The presence of antibodies specific to determinants of the HBsAg
group is very important as the former are capable of giving
protection against the heterologous subtype virus during virulent
tests in chimpanzees (Szmuness et al., N. Engl. J. Med.
307:1481-1486 (1982)).
[0144] Analysis of the response induced by the pCMV-S2.S vector
shows that it has a remarkable similarity with the one, which can
be observed in man during infection. It is characterized by an
extremely early (8 days) peak for IgM which is specific to the
pre-S2 region immediately followed by conversion to anti-pre-S2 IgG
(FIG. 9). This response is followed by the appearance of IgM then
IgG anti-HBs antibodies. The anti-HBs antibody production is
constant and reaches a maximum after 4 weeks.
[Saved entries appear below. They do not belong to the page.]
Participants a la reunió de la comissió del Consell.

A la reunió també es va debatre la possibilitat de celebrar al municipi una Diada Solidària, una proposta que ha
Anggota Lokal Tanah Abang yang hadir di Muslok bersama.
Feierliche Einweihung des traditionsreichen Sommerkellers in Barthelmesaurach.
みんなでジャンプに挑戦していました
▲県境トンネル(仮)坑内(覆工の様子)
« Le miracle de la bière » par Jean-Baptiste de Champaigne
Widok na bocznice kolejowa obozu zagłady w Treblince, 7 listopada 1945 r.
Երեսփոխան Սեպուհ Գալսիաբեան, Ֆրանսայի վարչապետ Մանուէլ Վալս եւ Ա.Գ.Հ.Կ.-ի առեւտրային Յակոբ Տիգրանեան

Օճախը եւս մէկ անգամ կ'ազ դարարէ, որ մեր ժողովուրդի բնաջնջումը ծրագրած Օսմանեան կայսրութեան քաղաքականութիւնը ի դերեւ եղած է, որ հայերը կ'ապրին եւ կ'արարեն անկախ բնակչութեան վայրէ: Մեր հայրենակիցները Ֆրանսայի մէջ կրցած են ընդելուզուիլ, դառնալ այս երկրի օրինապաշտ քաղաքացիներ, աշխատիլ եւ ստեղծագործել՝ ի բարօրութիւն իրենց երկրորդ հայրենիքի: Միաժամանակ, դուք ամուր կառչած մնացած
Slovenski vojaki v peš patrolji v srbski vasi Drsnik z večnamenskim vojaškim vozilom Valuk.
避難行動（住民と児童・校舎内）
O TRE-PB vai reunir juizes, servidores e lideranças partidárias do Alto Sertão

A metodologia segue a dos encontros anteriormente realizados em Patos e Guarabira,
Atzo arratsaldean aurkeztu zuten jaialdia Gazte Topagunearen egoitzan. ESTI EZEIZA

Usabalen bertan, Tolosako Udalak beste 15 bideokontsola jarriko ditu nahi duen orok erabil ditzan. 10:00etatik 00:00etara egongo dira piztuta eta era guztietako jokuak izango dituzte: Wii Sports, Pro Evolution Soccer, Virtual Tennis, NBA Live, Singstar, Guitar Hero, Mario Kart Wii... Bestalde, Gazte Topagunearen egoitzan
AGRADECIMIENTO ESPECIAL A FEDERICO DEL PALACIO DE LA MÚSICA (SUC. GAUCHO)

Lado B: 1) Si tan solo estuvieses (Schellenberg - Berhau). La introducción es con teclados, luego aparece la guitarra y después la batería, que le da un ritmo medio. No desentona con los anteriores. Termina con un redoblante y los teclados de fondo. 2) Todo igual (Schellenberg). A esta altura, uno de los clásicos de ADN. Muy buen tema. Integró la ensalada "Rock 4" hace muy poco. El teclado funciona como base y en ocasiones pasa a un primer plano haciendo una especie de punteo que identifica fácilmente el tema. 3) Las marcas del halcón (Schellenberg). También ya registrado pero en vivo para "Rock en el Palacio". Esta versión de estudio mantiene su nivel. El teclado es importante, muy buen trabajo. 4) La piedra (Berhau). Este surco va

At 13 weeks IgG
anti-HBs and anti-pre-S2 remain at a constant level.
[0145] The anti-subtype (y) response precedes that of the
anti-group response (a) in the same way as that described for the
vaccination with the recombinant vaccine (Tron et al., J. Infect.
Dis. 160:199-204).
[0146] Thus, injection of a vector encoding the small and the
middle forms of HBV envelope protein (pCMV-S2.S) into normal mice
induced a strong and long-lasting humoral response to the preS2
domain of the middle protein and to subtype- and group-specific
HBsAg determinants.
[0147] The response obtained with the three other DNA vaccines
illustrates the commutation of class IgM-IgG, which is
characteristic of the secondary response.
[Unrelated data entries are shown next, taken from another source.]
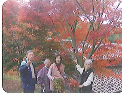
▲今年も真っ赤です😊来年はどうだろう?楽しみ!

日頃からお世話になっている「豊田市健康福祉部」の方々の協力のもと、「健康チェック」、「脳トレ」、「筋トレ体験コーナー」を開催しました。すばらしい秋空の下、多数の参加があり、地域の方々に「包括支援センター」を紹介するいい機会になりました。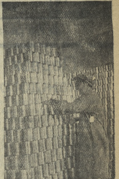
На складе готовой продукции беконноконсервной фабрики. За первое полугодие 1940 г. фабрика выполнила план на 209 процентов.

За год после прихода Красной Армии предприятия г. Львова значительно увеличили выпуск продукции, растут ряды ударников и стахановцев.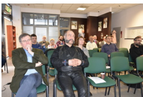
O historycznych i współczesnych relacjach między koleją a przemysłem, Wrocław - 7 grudnia 2022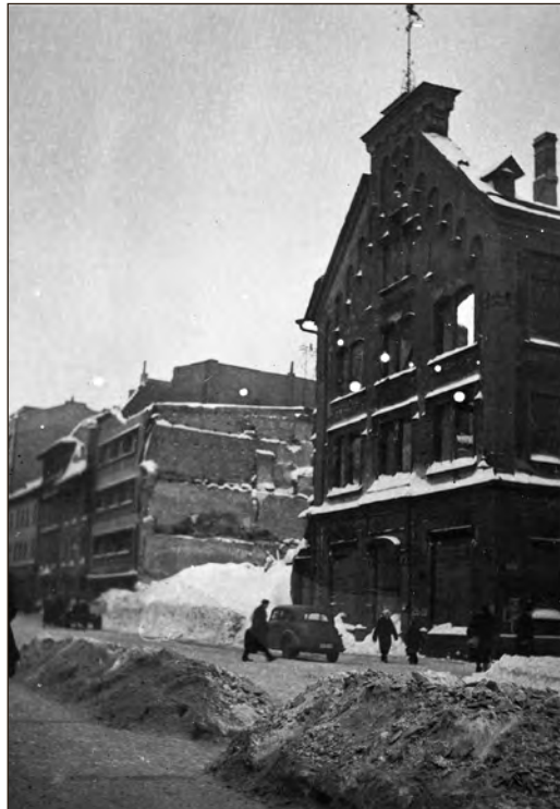
Viru tänav pärast märtsipommitamist 1944. aastal, esiplaanil kino Bi-Ba-Bo varemed.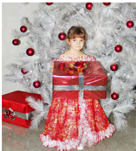
Елка сказочная. КСЦ «Газодобытчик»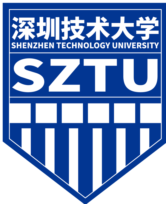
图 2.1 单图布局示例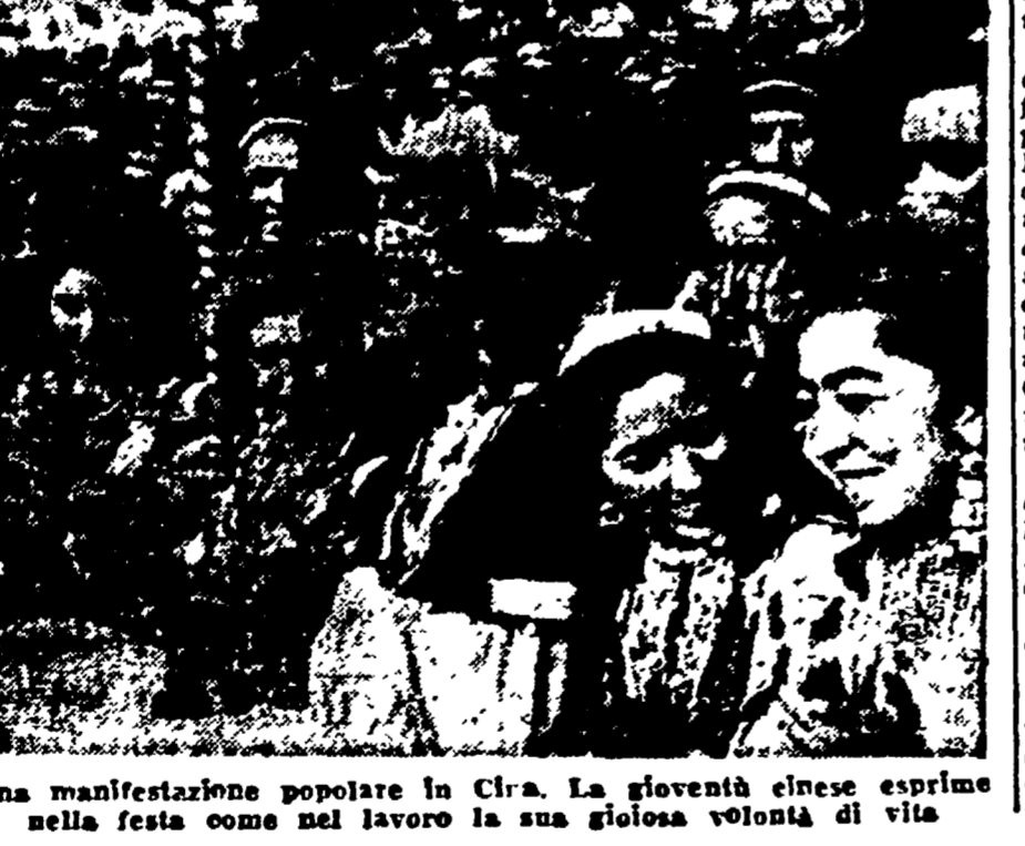
Una manifestazione popolare in Cina. La gioventù cinese esprime nella festa come nel lavoro la sua gloriosa volontà di vita.

«Eisenhower è stato messo a capo di ombre», afferma il «N. Y. Times». Il sergente di Wall Street, candidato dei trust alla Casa Bianca, si è trasformato in una rigida caserma.

[0148] The response being first of all directed against the subtype
before being against the HBsAg group determinants.
[0149] The long term response, which was studied for pCMVHB-S DNA,
shows that the antibody peak is reached within 3 months and this
remains at a constant level 6 months later (Table V) (Davis et al.,
Vaccine, 14 (9):910-915 (1996)).
[0150] 2. Immunization of Mice with Genetic Vaccine and
Non-Response
[0151] The high number of non-responders to the classical vaccine
(2.5 to 5%) remains a major problem for vaccination against
hepatitis B. It has been possible to correlate the non-response in
man to certain HLA types (Krustall et al., J. Exp. Med. 175:
495-502 (1992)) and to a defect in the antigen presentation or
stimulation of the auxiliary T cells.
[0152] To study the possible impact of the genetic vaccination on
the HBsAg non-response, a range of mice strains that were used for
which the response to various HBV virus envelope proteins is
controlled genetically and has been well characterized by Millich
et al. (J. Immunol. 137:315 (1986)). The pCMVHB-S construction
previously described was injected into B10 (H-2.sup.f), B10.S
(H-2.sup.s), and B10.M (H-2.sup.f) mice muscles.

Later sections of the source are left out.